A journey shared – on the road to research data management.
Angus Whyte through this blog reported some of the outcomes from the Workshop on Developing Institutional Research Data Policies held in Leeds in mid-March, writing with a focus on how institutions are responding to EPSRC expectations and mandates for research data management. Referring to other posts in this series, he summarised the characteristics of a roadmap as combining “aspects of strategy and schedule”.
Laura Molloy developed some of the emerging themes from the same workshop, for example the discussion on the trade-offs of a policy-first approach, the need for buy-in from researchers and senior management, the different elements of infrastructure, how to describe benefits to researchers, and the various institutional policies which are relevant to research data management.
What became very clear quite quickly during the workshop was that sharing experiences between institutions is a very valuable exercise. The aim of this post, which is complementary to the two above, is to draw on some of the lessons imparted by the participants of the workshop so they can be shared more widely through this blog.
The first lesson is that each institution is unique. The differences in each institutional profile include its current location on the road to policy and strategy development, the resources it can draw on, and the history it is building on, amongst others. This uniqueness is reinforced by the EPSRC message that there is no one-size-fits-all for roadmaps and they can only be reviewed on a case-by-case basis.
At the workshop, Ben Ryan from the EPSRC re-iterated that the roadmap is all about showing that what needs to change [at a particular institution] is understood, and that there is high-level support within the institution to make it happen. The detail of the roadmap will then be particular to the institution, depending on the institution’s starting point and its strategy, and acts as an internal planning tool. The roadmap should show that the institution is putting infrastructure into place – technical, as well as policy and training, with responsibilities being allocated.
The uniqueness and variety of institutions was clearly on display at the workshop, where the universities represented came in all shapes and sizes. This was reflected in the approaches that have been taken. One large research-intensive institution has a well-funded programme to create a portal and integrate various services, with members of different support branches (library, IT) delivering information and fielding queries through various channels.
This suits a university with a huge complement of staff and the resources to invest in technical infrastructure. Some smaller institutions, on the other hand, have taken advantage of a culture of easier and smoother decision-making processes, making significant inroads on the policy-making front, with an agility that is perhaps not typical everywhere.
One piece of advice that was often repeated was the importance of describing the benefits of research data management as an advocacy measure.

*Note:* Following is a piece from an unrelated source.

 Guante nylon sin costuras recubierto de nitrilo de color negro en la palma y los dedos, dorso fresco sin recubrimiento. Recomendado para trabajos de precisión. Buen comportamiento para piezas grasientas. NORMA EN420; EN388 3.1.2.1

The benefits should be articulated to reinforce the value of data, to the various stakeholders, including the institution and researchers.

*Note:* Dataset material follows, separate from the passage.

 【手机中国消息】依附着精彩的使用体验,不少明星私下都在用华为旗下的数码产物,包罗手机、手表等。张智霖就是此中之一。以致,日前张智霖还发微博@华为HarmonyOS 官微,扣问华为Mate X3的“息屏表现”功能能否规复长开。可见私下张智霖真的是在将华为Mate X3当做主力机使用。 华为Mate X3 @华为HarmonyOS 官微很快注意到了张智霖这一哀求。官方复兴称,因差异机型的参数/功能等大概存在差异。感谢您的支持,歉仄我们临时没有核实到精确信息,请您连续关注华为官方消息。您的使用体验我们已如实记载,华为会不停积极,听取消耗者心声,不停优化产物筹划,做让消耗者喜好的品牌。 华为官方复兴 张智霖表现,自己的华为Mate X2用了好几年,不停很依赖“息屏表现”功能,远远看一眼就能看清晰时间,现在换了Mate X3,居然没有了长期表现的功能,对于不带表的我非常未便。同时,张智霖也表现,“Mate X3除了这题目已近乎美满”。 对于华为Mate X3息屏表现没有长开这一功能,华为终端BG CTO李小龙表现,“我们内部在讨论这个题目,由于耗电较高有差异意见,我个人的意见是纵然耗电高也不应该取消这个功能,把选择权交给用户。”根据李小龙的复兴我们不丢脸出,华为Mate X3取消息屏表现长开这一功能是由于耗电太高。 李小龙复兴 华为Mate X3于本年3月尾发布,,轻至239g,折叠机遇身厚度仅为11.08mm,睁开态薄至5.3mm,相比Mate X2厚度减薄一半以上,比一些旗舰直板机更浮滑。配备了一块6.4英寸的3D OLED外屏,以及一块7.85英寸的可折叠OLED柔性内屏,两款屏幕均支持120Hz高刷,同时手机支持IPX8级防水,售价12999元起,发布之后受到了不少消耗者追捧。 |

One perceived difficulty is that data is difficult to define, and the definition of what is valuable data needs to be taken in context, and may require discussion at discipline level. Defining data and the institution also helps to scope the policy and the strategy. One challenge in formulating policy is to couch it positively, but also for it to feel consequential, whilst making sure that it sounds relevant and resonates with those it will affect.
Storage issues and use of repositories are a subject of continuing work. Participants explained that whilst existing institutional storage provision may be fragmented, the available and currently-used infrastructure and services need to be factored into the strategy.
Some institutions are investigating partnerships with a commercial firm for file virtualisation. External repositories were also considered an important component of the storage solution, with the idea surfacing of developing a method of marking external repositories as having 'approved' status (with associated guidance to researchers). However the definition of an ‘approved’ repository was still somewhat vague. The description of an approved repository, the compilation of repository lists, and sharing of this information was an area that participants felt would be worthy of further joint effort. In the here and now, the problem of DUDs (Data under desktops) was commonly acknowledged.
In terms of communication within institutions, several methods are employed. Lunchtime seminar series, existing mechanisms (e.g. heads of department meetings) and engaging with stakeholder groups, annual research staff conferences and use of champions were all mentioned– with champions frequently being in quite senior positions such as PVC research.
Nevertheless, effective communication is sometimes found to be challenging. However when rolling out policy and getting feedback, there was a general view that little negative reaction was encountered, with most questions relating to the specific details of implementation. Looking forward to ways of informing researchers on working policies once they had been developed, there was interest in using methods that scale to communicate information e.g. webinars, podcasts, interactive methods.
Selection and appraisal of data for preservation is an area where practice is still developing. Problems with selection include making judgements on what is ‘interesting’ enough to be kept or shared – this often needs to be defined at discipline or researcher level. Some disciplines (creative arts, archaeology) have a culture of keeping everything. A process needs to be developed for keeping contextual data that enables re-use (metadata), and for regularly reviewing what is kept.
The discussion recognised that some of the metadata (e.g. grant numbers) are currently held in disparate administrative systems which are not joint up. Ben Ryan emphasised the importance of data that is critical to understanding research and particularly data that underpins research, with a focus on research that has been published.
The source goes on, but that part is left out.